* **What this task involves**
Write out the data below in full, unchanged, minus the images.

Source material START

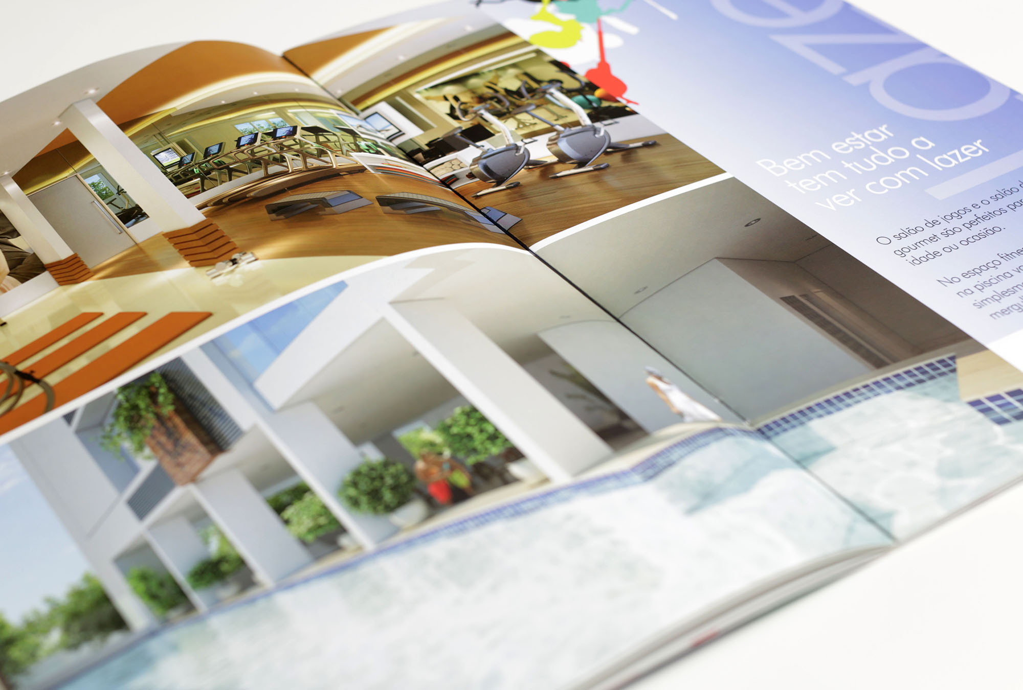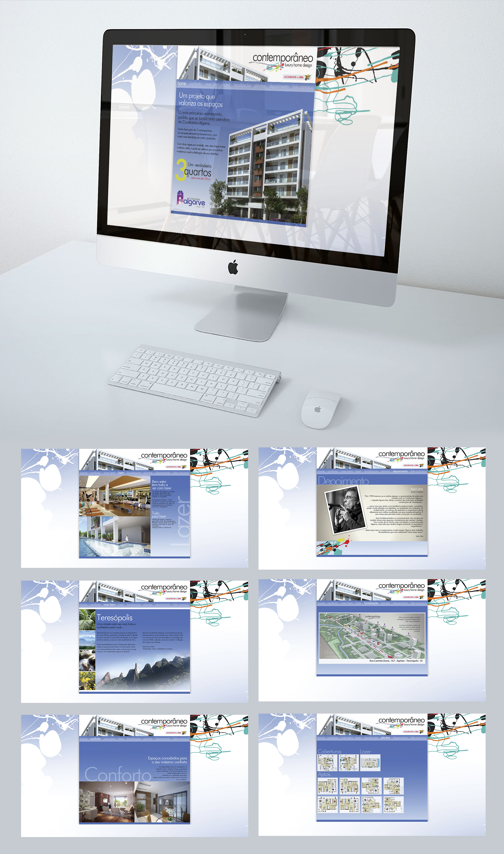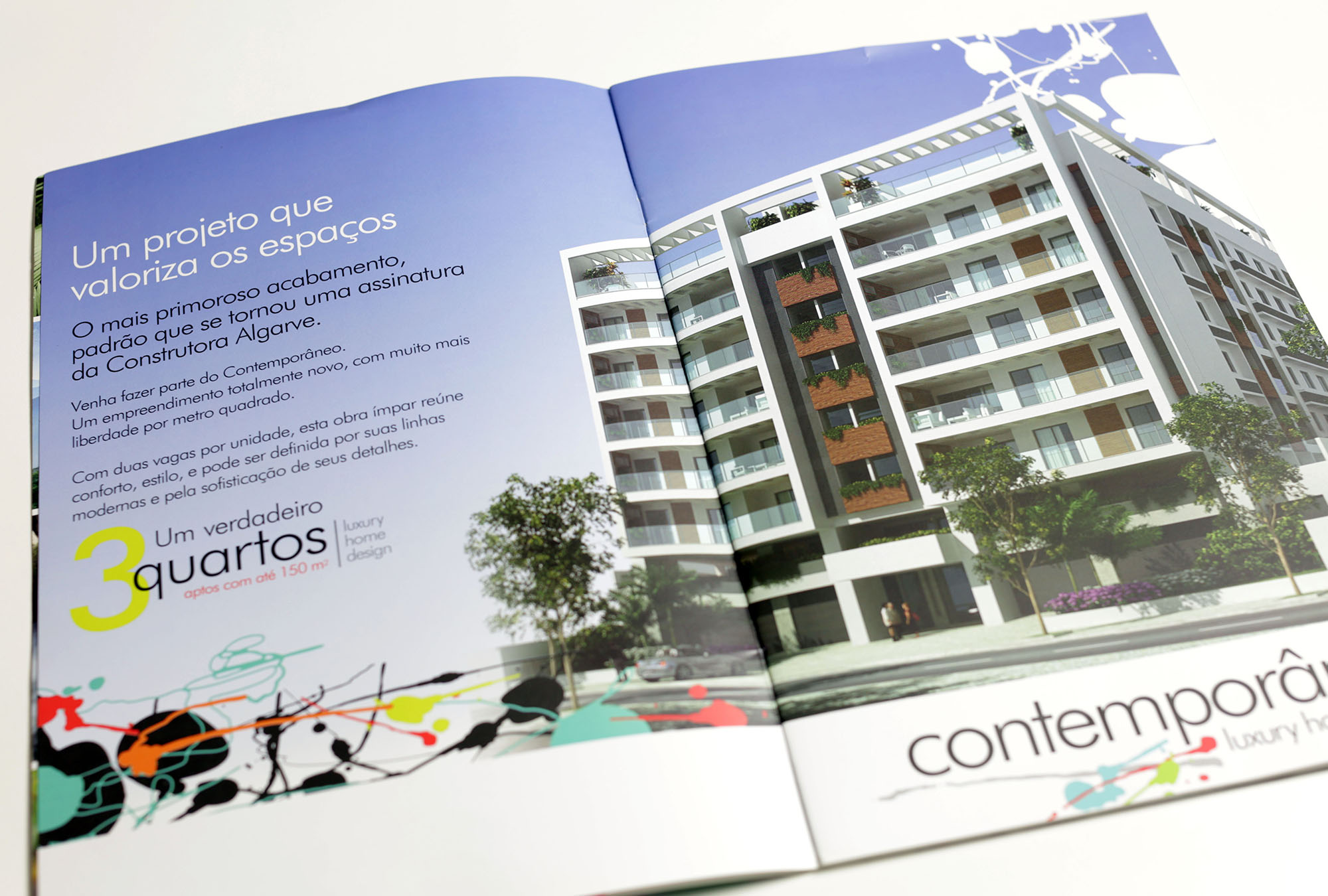 Criação de identidade visual e campanha para lançamento de empreendimento imobiliário residencial Contemporâneo, contemplando book, folheteria, hotsite, decoração temática para stand e sinalização direcional.
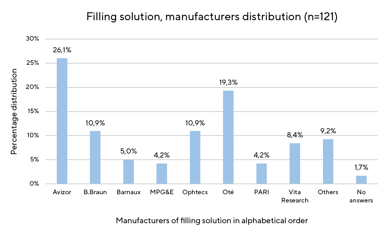 In addition to focusing on filling solution practices, other aspects relevant to the fitting process were explored, including the direct sale of filling solutions. Of the respondents, 87.6 % (n = 106) indicated that they sell the solution directly to their patients.
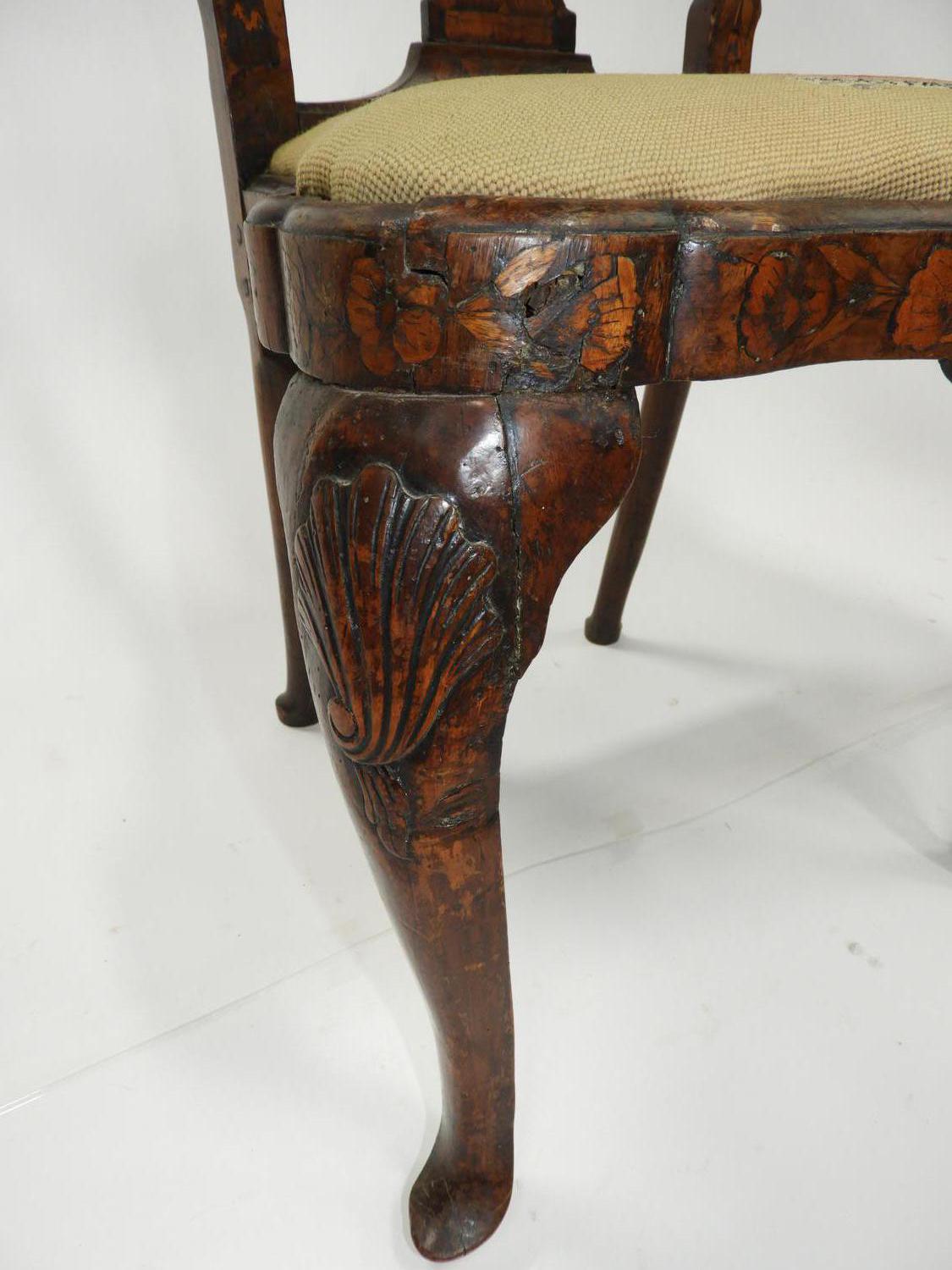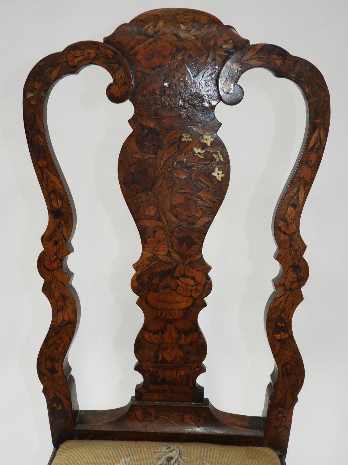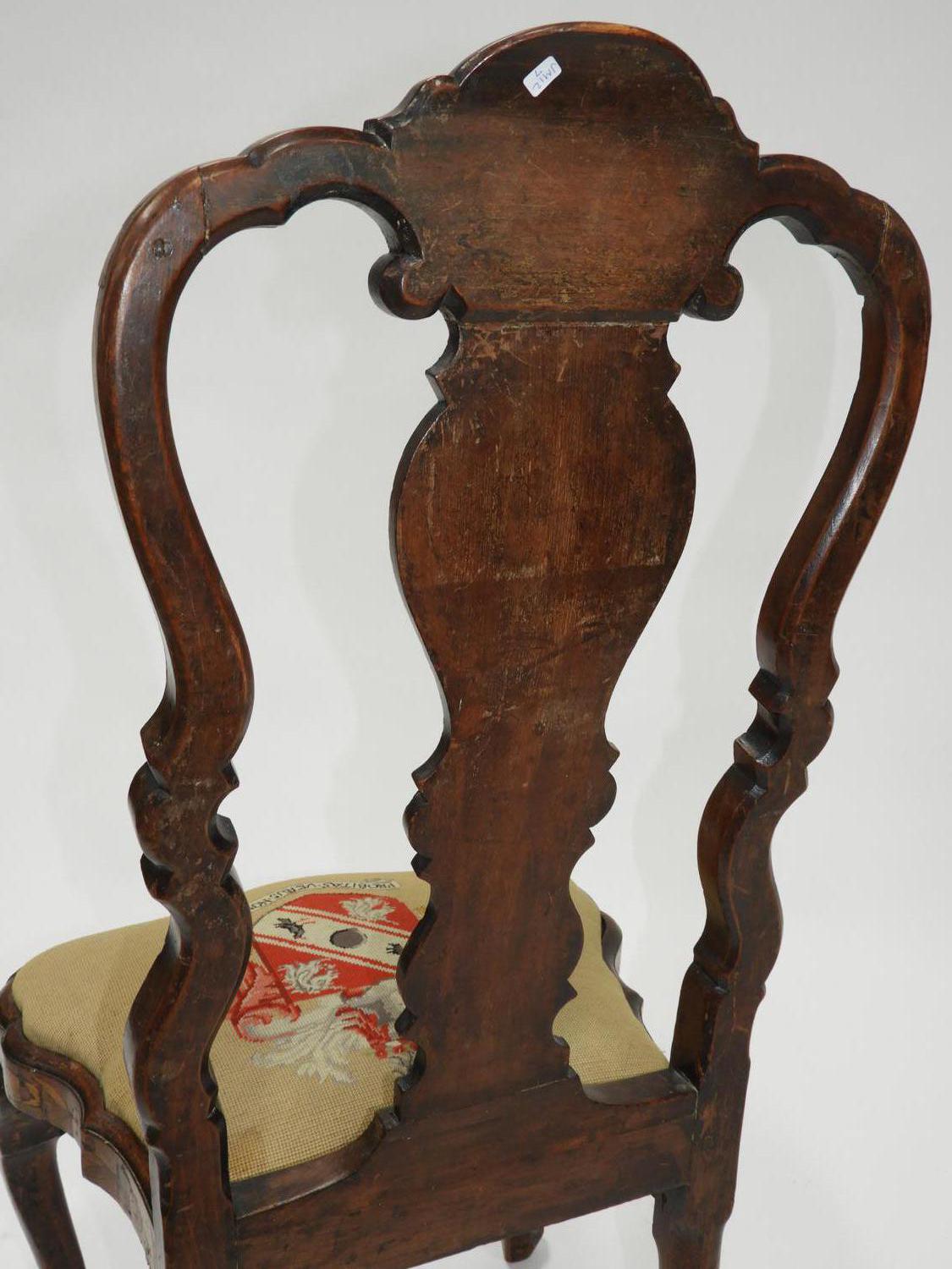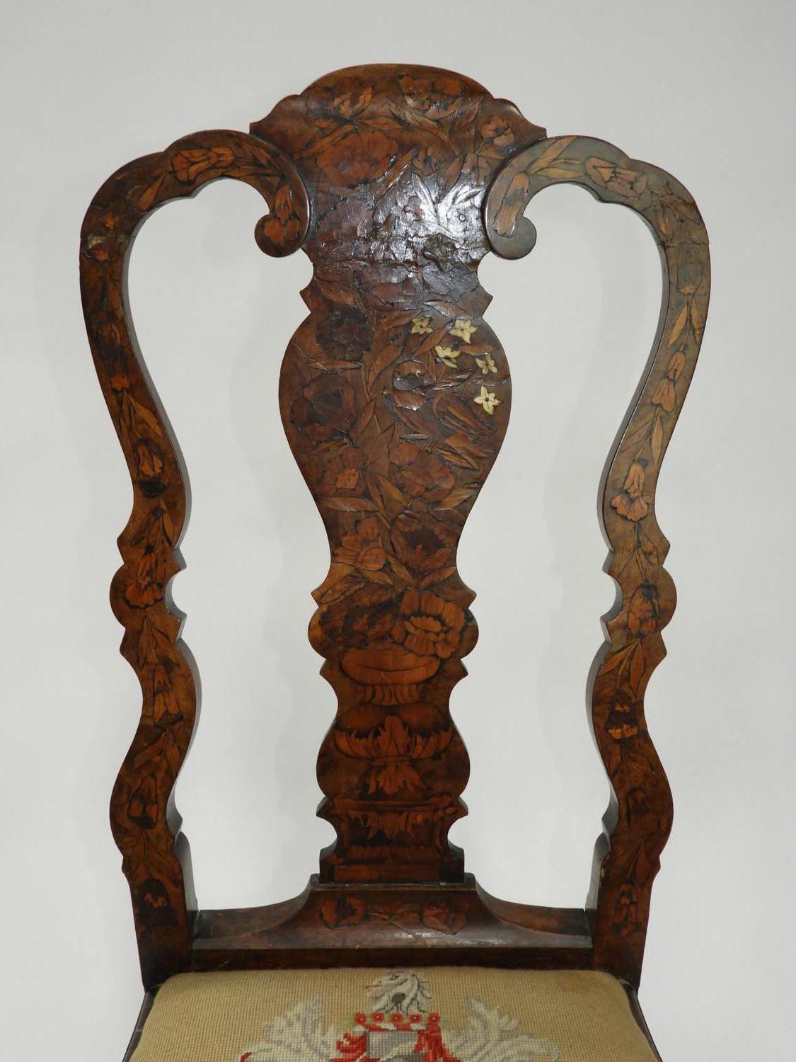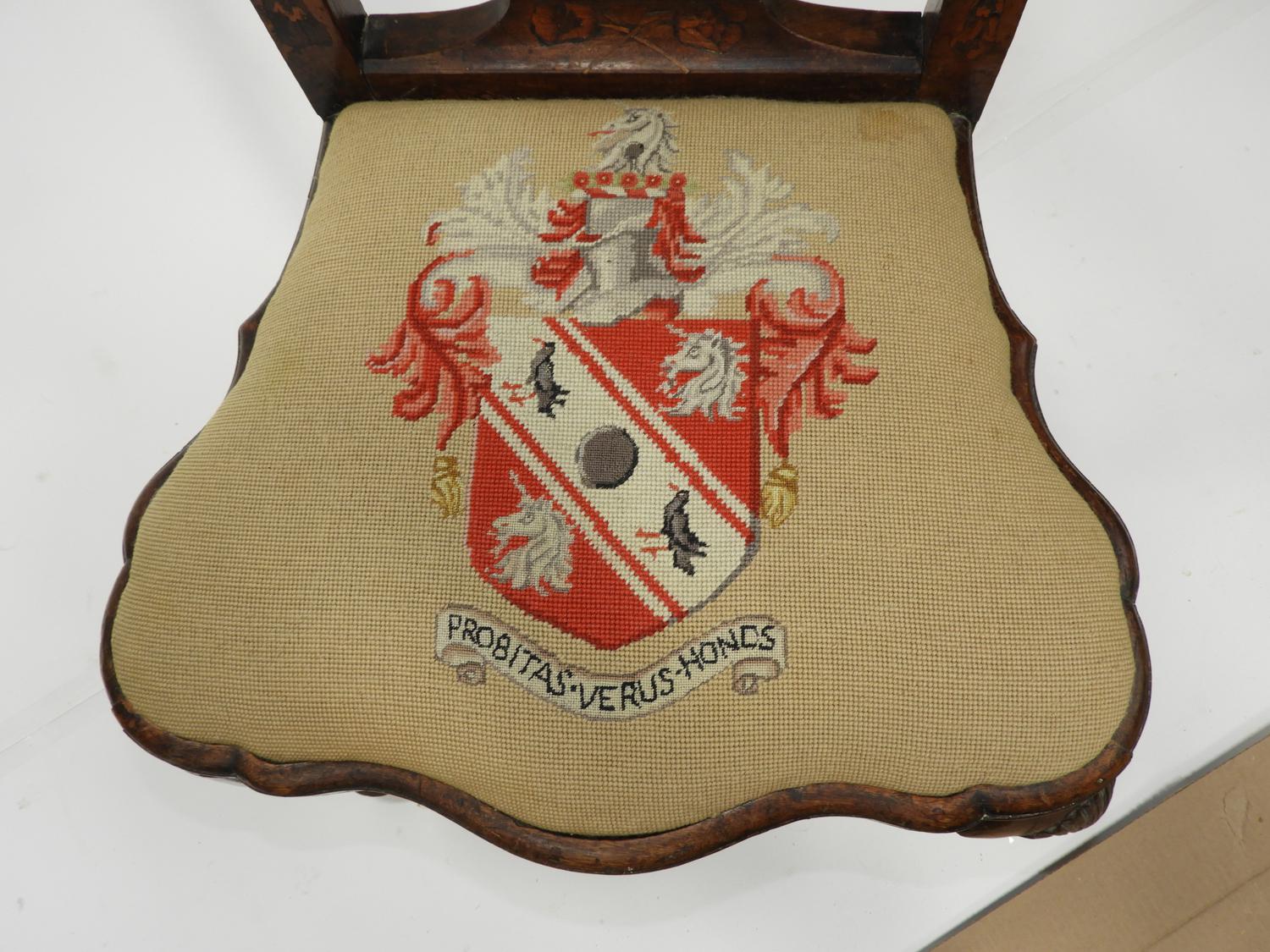 queen anne marquetry inlaid mahogany side chair with coat of arms needlepoint seat, early 18th century, 42 1/2" x 21" x 18"

Source material END

* **Answer space**
 Criação de identidade visual e campanha para lançamento de empreendimento imobiliário residencial Contemporâneo, contemplando book, folheteria, hotsite, decoração temática para stand e sinalização direcional.
 In addition to focusing on filling solution practices, other aspects relevant to the fitting process were explored, including the direct sale of filling solutions. Of the respondents, 87.6 % (n = 106) indicated that they sell the solution directly to their patients.
 queen anne marquetry inlaid mahogany side chair with coat of arms needlepoint seat, early 18th century, 42 1/2" x 21" x 18"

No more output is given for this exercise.